A man came running out from the cottage. When he reached the plane, breathless, Amelia said to him, “I’m from America.”
It took awhile for the farmer to understand: a woman, from America, flying the Atlantic, all alone? He shook his head in disbelief.
As they walked to his cottage, Amelia learned that she had landed in Culmore, Ulster, near Londonderry, the city she had circled. There was no mistaking that she was in Ireland: the accent of the farmer, and his name, Patrick Gallagher, were sufficient proof. Amelia asked to be taken to the nearest telephone.
Gallagher commandeered a neighbor’s car and drove her to The Elms, the home of Mrs. Francis McClure, five miles down the road. Amelia put through her call.

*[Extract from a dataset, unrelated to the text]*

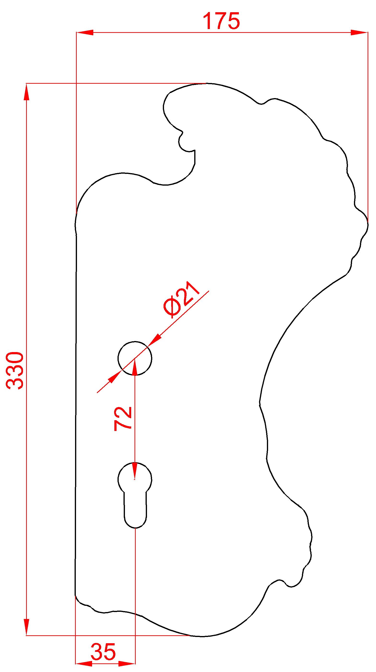 KZ056 - štítek kovaný ozdobný 330 x 175 x 3 mm, rozteč 72 mm, otvor pro kliku ø 21 mm, pravý. Vhodný zámek je např. ZM90/50H.

“I did it!” she said to GP in New York; then she told him about the altimeter, and the tachometer, and the gas leak, and the broken manifold.

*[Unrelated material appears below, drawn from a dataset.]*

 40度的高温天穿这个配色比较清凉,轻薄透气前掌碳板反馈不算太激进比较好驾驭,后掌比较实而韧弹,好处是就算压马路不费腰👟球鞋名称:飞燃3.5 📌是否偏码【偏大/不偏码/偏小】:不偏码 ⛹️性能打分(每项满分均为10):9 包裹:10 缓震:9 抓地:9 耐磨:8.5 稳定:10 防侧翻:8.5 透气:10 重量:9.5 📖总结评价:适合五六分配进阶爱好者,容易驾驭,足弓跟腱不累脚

George Putnam thanked God that she had made it safely.
Amelia then returned with Gallagher to his home. He asked her if she were tired, if she wanted to sleep.
“I haven’t slept since Friday morning,” she told him. “But I don’t feel the least bit fatigued.”
She slept until the next day.
Amelia Earhart had become what she was in the eyes of her public—the great American woman flier. She had regained her self-respect; she was no longer what she considered a “phony heroine.” The eighteen tons of ticker tape and torn telephone books that had greeted Lindbergh five years before in New York could now scatter down on her. She had paid her debt. She was now ready to play the part of a true heroine. A smooth lyrical grace, the romantic quest of old, and the chivalric spirit of adventure had now combined in the boyishly slender figure of—this time—a woman. Like the lone eagle who preceded her, Amelia acted with ease, modest self-effacement, and exemplary good manners, becoming a good-will ambassador for America.